*** ENTRIES PROVIDED ***
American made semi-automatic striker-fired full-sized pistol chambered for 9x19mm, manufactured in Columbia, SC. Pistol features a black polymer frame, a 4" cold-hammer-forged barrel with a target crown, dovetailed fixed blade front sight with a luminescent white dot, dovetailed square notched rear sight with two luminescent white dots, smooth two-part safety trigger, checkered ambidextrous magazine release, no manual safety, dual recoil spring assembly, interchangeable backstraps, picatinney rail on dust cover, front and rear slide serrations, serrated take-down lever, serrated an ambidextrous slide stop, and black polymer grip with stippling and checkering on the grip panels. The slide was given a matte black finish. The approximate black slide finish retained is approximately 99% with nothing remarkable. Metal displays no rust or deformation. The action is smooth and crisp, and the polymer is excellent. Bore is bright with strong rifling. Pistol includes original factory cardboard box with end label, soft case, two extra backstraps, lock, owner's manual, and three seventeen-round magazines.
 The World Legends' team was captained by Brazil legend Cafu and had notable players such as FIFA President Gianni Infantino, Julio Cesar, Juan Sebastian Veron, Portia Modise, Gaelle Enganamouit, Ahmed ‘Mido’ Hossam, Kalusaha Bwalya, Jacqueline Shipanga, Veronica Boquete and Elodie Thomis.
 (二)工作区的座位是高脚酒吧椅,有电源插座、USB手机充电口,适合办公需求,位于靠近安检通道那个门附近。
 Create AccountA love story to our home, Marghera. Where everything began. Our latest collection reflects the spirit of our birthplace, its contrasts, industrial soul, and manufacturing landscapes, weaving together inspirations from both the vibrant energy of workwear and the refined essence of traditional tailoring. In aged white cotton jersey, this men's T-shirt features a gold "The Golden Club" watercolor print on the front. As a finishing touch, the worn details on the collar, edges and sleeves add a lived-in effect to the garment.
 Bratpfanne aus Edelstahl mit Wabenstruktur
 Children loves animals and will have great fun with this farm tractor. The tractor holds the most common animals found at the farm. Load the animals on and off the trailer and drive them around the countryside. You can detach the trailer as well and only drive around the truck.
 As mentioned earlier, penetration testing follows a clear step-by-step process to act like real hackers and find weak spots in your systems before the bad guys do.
***
* _WHAT TO PRODUCE_: All lines from the one with "Children loves animals" through the end of the material above are to be printed exactly, and only those.

* _WORKED SOLUTION_:
 Children loves animals and will have great fun with this farm tractor. The tractor holds the most common animals found at the farm. Load the animals on and off the trailer and drive them around the countryside. You can detach the trailer as well and only drive around the truck.
 As mentioned earlier, penetration testing follows a clear step-by-step process to act like real hackers and find weak spots in your systems before the bad guys do.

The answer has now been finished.